Imuran - high cancer risk for me
 

I'm going to the doctors on Monday and he wants to put me on Imuran. I read a bunch of stuff about how it can cause cancer. What has me worried is that my father and his father had acute myeloid leukemia and died from it. My dad's sister had breast cancer and died from it. My mom had cancer in the uterus, and hysterectomy was a success, her mom had colon cancer and died from it. My sister has non hodgkins lymphoma and is still living, and another sister has breast cancer and is going through the process of getting a mastectomy. My daughter had cancer of the cervix which was operated on successfully.

There's just too much cancer in my family that I think it will be unwise to take Imuran. I don't know if there are any other immuno-suppressants out there that don't have a risk of cancer. If you know of any let me know and I'll let my doctor know.

It's one of those choices my Dr told me about. You are damned if you do and damned if you don't. Heck life it's self is a huge risk. I went through the same thing. I had colon cancer, got that taken care of then started Imuran about 2 years later. I stayed on Imuran for 1 year and it did nothing but made me sick as hell. I lost 35 pounds. I am now on Cellcept and doing much better. That said Cellcept has the same risks. Since I went on Imuran I have had 4 skin cancers removed. I have my colon checked real regular and see a skin Dr very regular.

All this said I want to say that Imuran may not make you sick or that Cellcept will help you. All these treatments affect each of us differently. It took us 2 1/2 years to find what works for me. I told my wife when this crazy disease hit me 2 1/2 years ago that this was going to be one big experiment.
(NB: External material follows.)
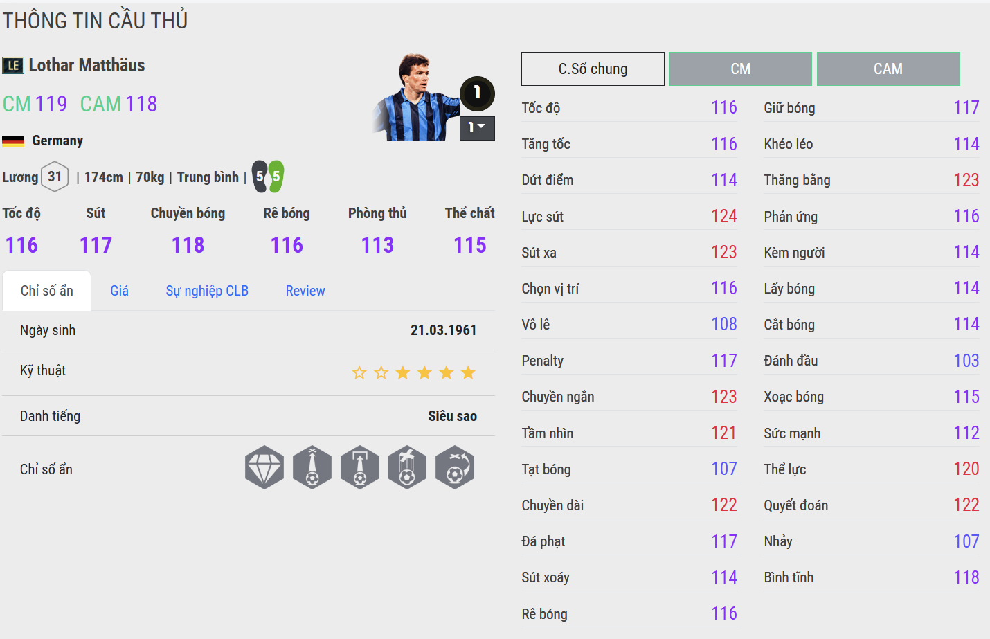 Lothar Matthäus là một trong những huyền thoại vĩ đại nhất của bóng đá Đức và thế giới, được biết đến như biểu tượng của sự toàn diện, bền bỉ và bản lĩnh thép. Sinh năm 1961, Matthäus sở hữu sự nghiệp kéo dài hơn hai thập kỷ, để lại dấu ấn sâu đậm trong màu áo Borussia Mönchengladbach, Bayern Munich, Inter Milan và đặc biệt là đội tuyển quốc gia Đức.

That's why they call it "praticing medicine".

Good luck with your treatment,
Mike

Mike,
All that being said, is the cellcept worth the risk? Is it helping?

Yes Cellcept has helped me along with 20mg of prednisone and mestinon. I don't think mestinon helps me but I take it inspite of the stomach issues. It took us 2 1/2 years to figure out what works. I haven't had IVIG in over 4 months but that said again I don't think IVIG has ever helped me. All this being said each MG patient has to find what works for them. Feel free to ask any questions you may have. I may have to ask the boss (wife) she knows way more about MG than I do. She never lets me get a treatment without her approval. After 2 1/2 years we are still learning. I feel better now than in a long time. I would guess I'm about 80% of normal. I have learned a lot during this time.
I wish you the best with your treatment
Mike

My neurologist already mentioned cellcept and I suspect he is going to pull that rabbit out of his hat soon.

What are the side effects? (Except the obvious things like making you die of cancer.)

How long did it take to help?

How expensive is it?

Southblues I hit my knees every morning and thank God for my good fortune. I am retired military so in 2 1/2 years of MG I have not spent one penny. Last year alone my IVIG treatments were over $500,000. I can't really help you with how much it costs.

It took about 8 months for the Cellcept to kick in. As for side effects I haven't noticed any. I think my dose is 2500 a day. When I was getting IVIG there was a lady there that was doing good on Cellcept but after 2 years it quit. She is now on the next step up. If you want to know what that is I'll find out for you.
Mike

I want to know everything there is to know. Thanks.

Me too!! I hate this disease and I read everyday on this board. I have a copy of Dr Howard's book on MG that I can email you, if you send me a PM with your email address.
Mike

The doc wants to take me off of Mestinon to try the Imuran, but I'm afraid that I won't be able to breath without without it. If something is working then why try something else to establish a base line? I may not be able to physically do things I used to but if I can't breath none of that matters. I don't know how Imuran works or if it will help with breathing, but I'm afraid of trying something that might end up disastrous, especially with my family history. Maybe I should talk to the doctor about a back up plan.

I think that all immuno-suppressants will increase the chance of cancer as well as infectious diseases by the very nature of what they are. They decrease your immune system's response to those things. They also decrease your immune system's attack on your neuromuscular junction which is what you want.

I agree that I would be scared to totally give up the mestinon cold turkey. I would at least keep some on hand in case things get bad.

I imagine that your doctor hopes that the immuran will make it so that you don't need the mestinon.